** WHAT THE TASK ASKS **
The copy must hold exactly the lines from the one with "The chef’s kitchen" through the end of the listing below, and nothing else, with no pictures.

** RECORDS PROVIDED **
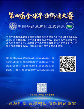 中國華文教育基金會全球華語朗誦大賽第四屆大賽已於2021年3月正式啟動。由於疫情緣故,今年大賽繼續採用線上展開。全美中文學校協會為本屆大賽美國承辦方,聯合協會十九個地區聯絡中心同步舉辦賽事。聖路易斯賽區初賽於即日起開始接受報名,密蘇里州、南伊林諾州、堪薩斯州及科羅拉州等地區的同學們請密切關心大賽進展,儘快報名參賽!
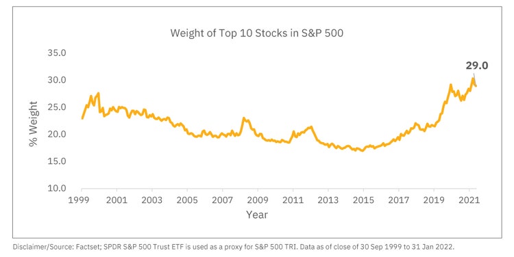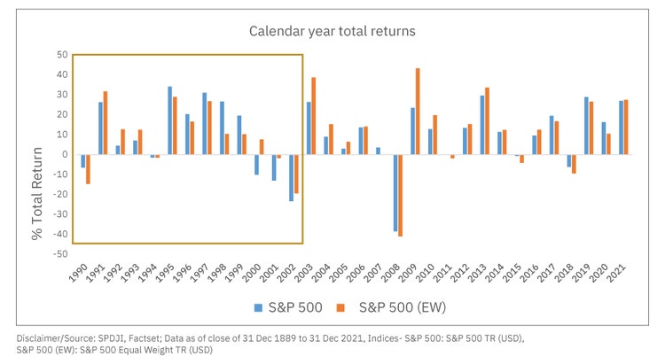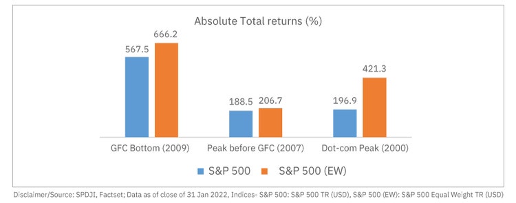 The graph below tells us that the market returns were much more skewed till the dot-com bubble era (as highlighted). However, in the last ~20 years, we can see that the S&P equal-weighted index has either risen/fallen more than the market-cap-weighted index, which suggests that the returns have been more broad-based than a few stocks contributing to the return in S&P 500.
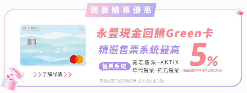 *特選售票系統回饋不限演唱會消費。 - 正附卡合併計算消費金額與回饋資格,惟回饋對象為有效之正卡持卡人。本活動之消費金額與刷卡金回饋皆以新臺幣計算;回饋之刷卡金將於活動結束後次次月起陸續回饋,贈送之「刷卡金」金額,以元以下四捨五入計算,僅限折抵信用卡消費款,恕不得要求轉讓、提領或兌現。
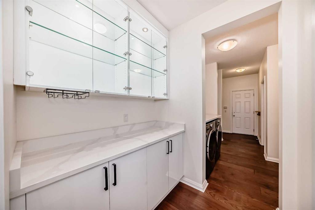 The chef’s kitchen features quartz countertops, updated cabinetry and backsplash, a walk-through pantry with direct garage access, and a new Bosch dishwasher (2022). Additional upgrades include Samsung washer and dryer (2023), fresh paint, engineered hardwood flooring throughout both floors, and fireplace marble wall to the ceiling. Bathrooms on the main and upper level are all newly painted and with new granite counter tops.
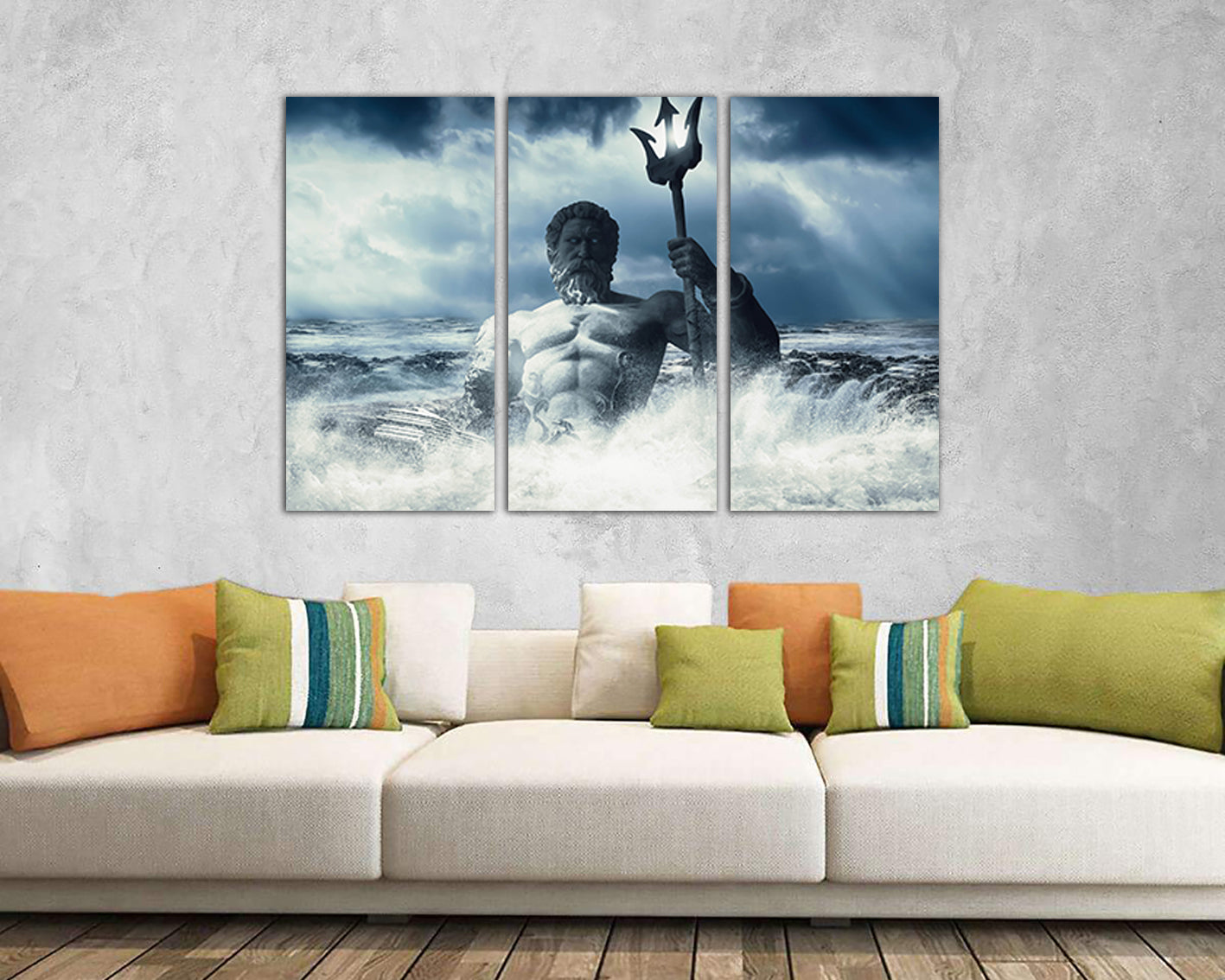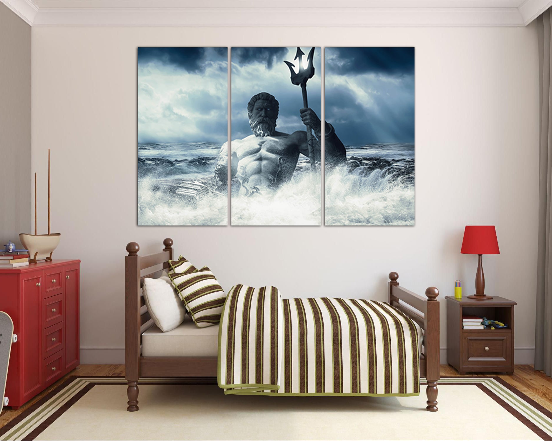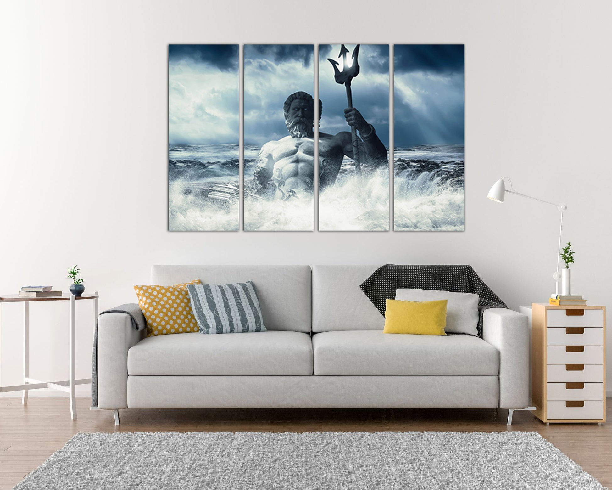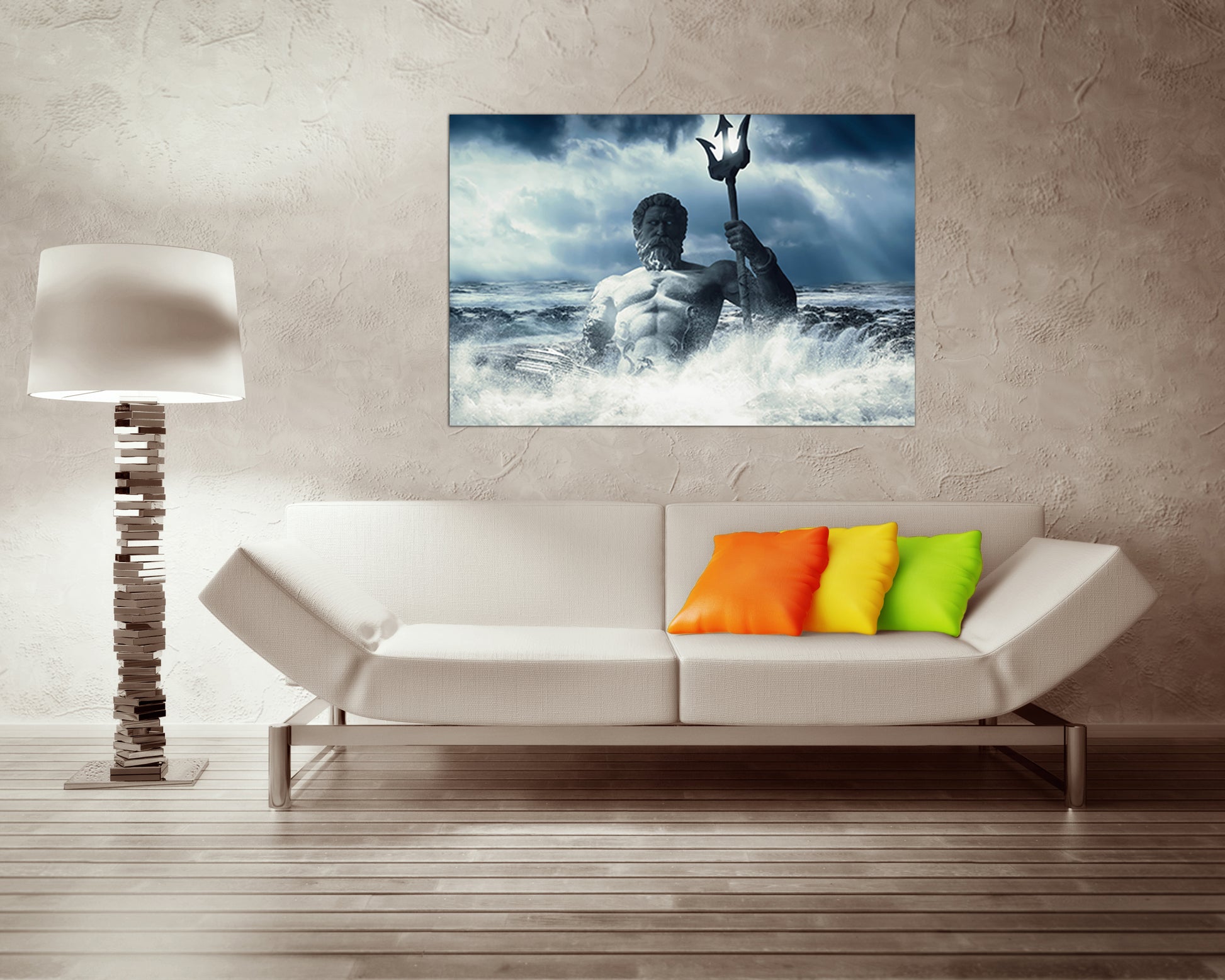 Greek god print on canvas Poseidon wall decor Storm at sea art work Mythology ready to hang

** ANSWER **
 The chef’s kitchen features quartz countertops, updated cabinetry and backsplash, a walk-through pantry with direct garage access, and a new Bosch dishwasher (2022). Additional upgrades include Samsung washer and dryer (2023), fresh paint, engineered hardwood flooring throughout both floors, and fireplace marble wall to the ceiling. Bathrooms on the main and upper level are all newly painted and with new granite counter tops.
 Greek god print on canvas Poseidon wall decor Storm at sea art work Mythology ready to hang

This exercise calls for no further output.